Blain afirmó con la cabeza. El policía, antes de marcharse, dijo:

—Hemos venido por aquí en busca de un loco que se ha escapado.

El «Sedán» rugió y se puso en marcha.

—¡Eh! —gritó Blain.

El coche se detuvo de nuevo.

—¿No se llamaba ese loco James Winstanley Clegg? —preguntó el doctor.

—¿Clegg? —dijo la voz del conductor desde el otro lado del «Sedán»—. Ese era el individuo cuyo cadáver desapareció del depósito cuando el vigilante volvió la espalda durante un minuto. Lo más curioso es que encontraron un perro muerto precisamente en el sitio donde había estado el cuerpo de Clegg. Los periodistas empezaron a decir que se trataba de un lobo, pero a mí me pareció un perro.

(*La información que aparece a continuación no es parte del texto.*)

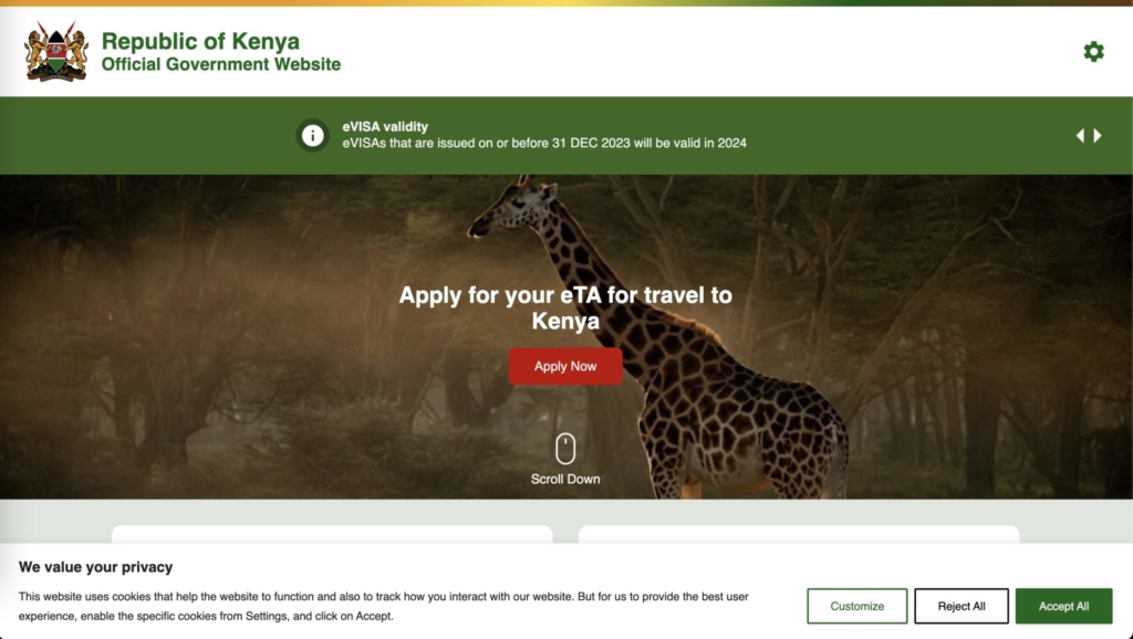 Der ETA-Antrag für Kenia kann eingereicht werden über das Regierungsportal oder über eine zukünftige mobile Anwendung namens "Kenia Travel Authorization". Die folgenden Schritte sind zu befolgen:

—De todos modos, el loco no es Clegg —dijo el policía que había hablado primero—. El loco se llama Wilson. Es bajito, pero de cuidado.

Alargó un brazo desde el coche y entregó a Blain una fotografía. El doctor observó el retrato a la luz de las crecientes llamas. El hombre que aparecía en él no tenía el menor parecido con su visitante de aquella tarde.

—Recordaré ese rostro —comentó el doctor devolviendo el retrato al policía.

—¿Sabe usted algo sobre el misterio de Clegg? —preguntó el chofer.

—Sólo sé que está muerto —contestó Blain sin faltar un ápice a la verdad.

Con ademán pensativo, el doctor Blain observó cómo las llamas que surgían de lo que había sido su hogar llegaban casi al cielo. Se volvió a Mercer, que estaba con la boca abierta, y dijo:

—Lo que me extraña es cómo se las arregló usted para pegar a ese individuo sin que él se anticipara a adivinar su intención, disparándole un tiro a quemarropa.

—Vi el arma y le pegué —explicó Mercer extendiendo las manos como disculpándose—. Al ver que tenía un arma, le pegué maquinalmente sin pensar en nada.

—¡Sin pensar en nada! —murmuró Blain.

Esto los había salvado.

El doctor Blain se mordió el labio inferior sin dejar de mirar la creciente hoguera. El techo se hundió con un violento crujido y del hueco surgió un haz de chispas.

—Dentro de su mente, pero no en sus oídos, sonaron unos ligeros y extraños gemidos que se fueron haciendo cada vez más débiles hasta que al cabo cesaron.